One area where the firm has found such opportunities has been in the testing of certain cybersecurity controls, particularly within the SOC framework. The firm examined all the controls it tests on the service side and asked which ones require human judgment or deep expertise. The answer was a lot of them. But for the ones that don’t, AI algorithms have been able to significantly lighten the load. 

“[If] we don’t refill a role, it’s because the need actually has changed, or the process has improved so significantly [that] the workload is lighter or shared across the smarter system. So that’s what’s happening,” said Desai. 

Outside of client services like SOC control testing and reporting, the firm has found efficiencies in administrative functions as well as certain internal operational processes. On the latter point, Desai noted that Schellman’s engineers, including the chief information officer, have been using AI to help develop code, which means they’re not relying as much on outside expertise on the internal service delivery side of things. There are still people in the development process, but their roles are changing: They’re writing less code, and doing more reviewing of code before it gets pushed into production, saving time and creating efficiencies. 

“The best way for me to say this is, to us, this has been intentional. We paused hiring in a few areas where we saw overlaps, where technology was really working,” said Desai.

However, even in an age awash with AI, Schellman acknowledges there are certain jobs that need a human, at least for now. For example, the firm does assessments for the FedRAMP program, which is needed for cloud service providers to contract with certain government agencies. These assessments, even in the most stable of times, can be long and complex engagements, to say nothing of the less predictable nature of the current government. As such, it does not make as much sense to reduce human staff in this area. 
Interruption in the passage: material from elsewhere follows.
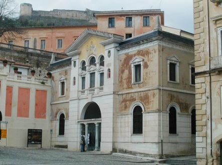 Biblioteca Civica

“The way it is right now for us to do FedRAMP engagements, it’s a very manual process. There’s a lot of back and forth between us and a third party, the government, and we don’t see a lot of overall application or technology help… We’re in the federal space and you can imagine, [with] what’s going on right now, there’s a big changing market condition for clients and their pricing pressure,” said Desai. 

As Schellman reduces staff levels in some places, it is increasing them in others. Desai said the firm is actively hiring in certain areas. In particular, it’s adding staff in technical cybersecurity (e.g., penetration testers), the aforementioned FedRAMP engagements, AI assessment (in line with recently becoming an ISO 42001 certification body) and in some client-facing roles like marketing and sales. 

“So, to me, this isn’t about doing more with less … It’s about doing more of the right things with the right people,” said Desai. 

While these moves have resulted in savings, she said that was never really the point, so whatever the firm has saved from staffing efficiencies it has reinvested in its tech stack to build its service line further. When asked for an example, she said the firm would like to focus more on penetration testing by building a SaaS tool for it. While Schellman has a proof of concept developed, she noted it would take a lot of money and time to deploy a full solution — both of which the firm now has more of because of its efficiency moves. 

“What is the ‘why’ behind these decisions? The ‘why’ for us isn’t what I think you traditionally see, which is ‘We need to get profitability high. We need to have less people do more things.’ That’s not what it is like,” said Desai. “I want to be able to focus on quality. And the only way I think I can focus on quality is if my people are not focusing on things that don’t matter … I feel like I’m in a much better place because the smart people that I’ve hired are working on the riskiest and most complicated things.”